The 3 key achievements of this research to date are:
- Development of a sensor network system that can record and transmit data for key "micro-indicators" to cloud storage data over significantly increased and functionally useful ranges (10 km) in the complex hilly landscapes typical of hill country farms.
- Through the installation of six of these sensor networks (at representative sites in both the North and South Islands), data is being delivered from hill country farms and/or adjacent groups of hill country farms in a range of remote locations.
- Note that both achievements 1 and 2 are technical and don’t currently provide immediate and direct benefit to farmers, however, this work is a necessary pre-requisite to attempt farm-scale analysis of the patterns and dynamics of soil temperature and moisture in complex landscapes. They represent a significant advance for field application of this technology and the ability to measure and record information at farm-scale in the hill-country environment that can be fed into improving the timeliness and resolution of information that can feed into the on-farm decision-making process.

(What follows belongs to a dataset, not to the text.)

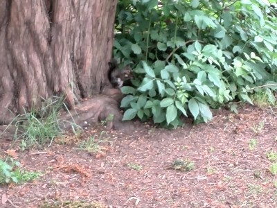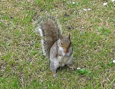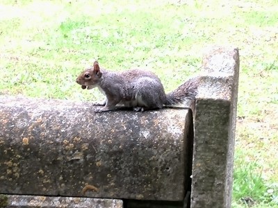 The closest we got to a black squirrel was this shy chappy who has a bit of cross breeding going on – if you look closely you can see that he has a black tail and darker patches on his face and arms.

- Successful spatial modelling support for the legume yield modelling work. This has included data provision for the ‘soil input’ of the APSIM model to support the delivery of the national legume map, which required S-map and Fundamental Soil Layers (FSL) inputs to match the 5 km x 5 km NIWA-VCN. It also included automation and scripting of the less complex empirical forage (TGM) model.
Ongoing and planned research
- Data acquisition of micro-indicators from the six sites is ongoing and is being monitored in near real-time. Mirroring the data record and ongoing data monitoring to Amazon Cloud services to improve the data download function to facilitate data analysis is ongoing. This will also include attention to data quality (managing transmission errors and gaps) and resolving communication issues at the Prices Valley site, which has a unique problem with 4G/3G cell connectivity.
- Now with an entire season of field data, spatial analysis of soil temperature and soil moisture will become the focus of this work area moving forward.
- Once the farm-scale temperature and moisture analysis are successfully achieved, assessment of the legume forage models at the farm-scale will follow.